*Task details:*
Could you print the full listing again, exactly as written?

*Supplied information:*
· · ·

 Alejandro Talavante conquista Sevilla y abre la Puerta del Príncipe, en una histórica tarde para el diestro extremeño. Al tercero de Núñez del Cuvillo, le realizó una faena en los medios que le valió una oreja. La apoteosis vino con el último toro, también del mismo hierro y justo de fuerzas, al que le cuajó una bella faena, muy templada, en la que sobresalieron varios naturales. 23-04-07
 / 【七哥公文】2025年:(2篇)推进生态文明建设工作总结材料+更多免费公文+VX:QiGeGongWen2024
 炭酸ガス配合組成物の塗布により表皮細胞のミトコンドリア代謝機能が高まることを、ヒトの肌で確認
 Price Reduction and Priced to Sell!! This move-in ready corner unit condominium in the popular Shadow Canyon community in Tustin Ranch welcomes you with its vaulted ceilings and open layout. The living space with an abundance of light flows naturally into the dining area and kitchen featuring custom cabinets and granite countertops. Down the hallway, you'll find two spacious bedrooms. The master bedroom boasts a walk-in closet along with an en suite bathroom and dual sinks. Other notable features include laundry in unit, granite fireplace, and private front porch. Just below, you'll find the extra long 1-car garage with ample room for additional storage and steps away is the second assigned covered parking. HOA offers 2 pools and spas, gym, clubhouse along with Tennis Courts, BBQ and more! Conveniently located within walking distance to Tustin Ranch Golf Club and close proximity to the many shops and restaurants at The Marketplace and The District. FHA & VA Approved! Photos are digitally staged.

· · ·

*Task result:*
 Alejandro Talavante conquista Sevilla y abre la Puerta del Príncipe, en una histórica tarde para el diestro extremeño. Al tercero de Núñez del Cuvillo, le realizó una faena en los medios que le valió una oreja. La apoteosis vino con el último toro, también del mismo hierro y justo de fuerzas, al que le cuajó una bella faena, muy templada, en la que sobresalieron varios naturales. 23-04-07
 / 【七哥公文】2025年:(2篇)推进生态文明建设工作总结材料+更多免费公文+VX:QiGeGongWen2024
 炭酸ガス配合組成物の塗布により表皮細胞のミトコンドリア代謝機能が高まることを、ヒトの肌で確認
 Price Reduction and Priced to Sell!! This move-in ready corner unit condominium in the popular Shadow Canyon community in Tustin Ranch welcomes you with its vaulted ceilings and open layout. The living space with an abundance of light flows naturally into the dining area and kitchen featuring custom cabinets and granite countertops. Down the hallway, you'll find two spacious bedrooms. The master bedroom boasts a walk-in closet along with an en suite bathroom and dual sinks. Other notable features include laundry in unit, granite fireplace, and private front porch. Just below, you'll find the extra long 1-car garage with ample room for additional storage and steps away is the second assigned covered parking. HOA offers 2 pools and spas, gym, clubhouse along with Tennis Courts, BBQ and more! Conveniently located within walking distance to Tustin Ranch Golf Club and close proximity to the many shops and restaurants at The Marketplace and The District. FHA & VA Approved! Photos are digitally staged.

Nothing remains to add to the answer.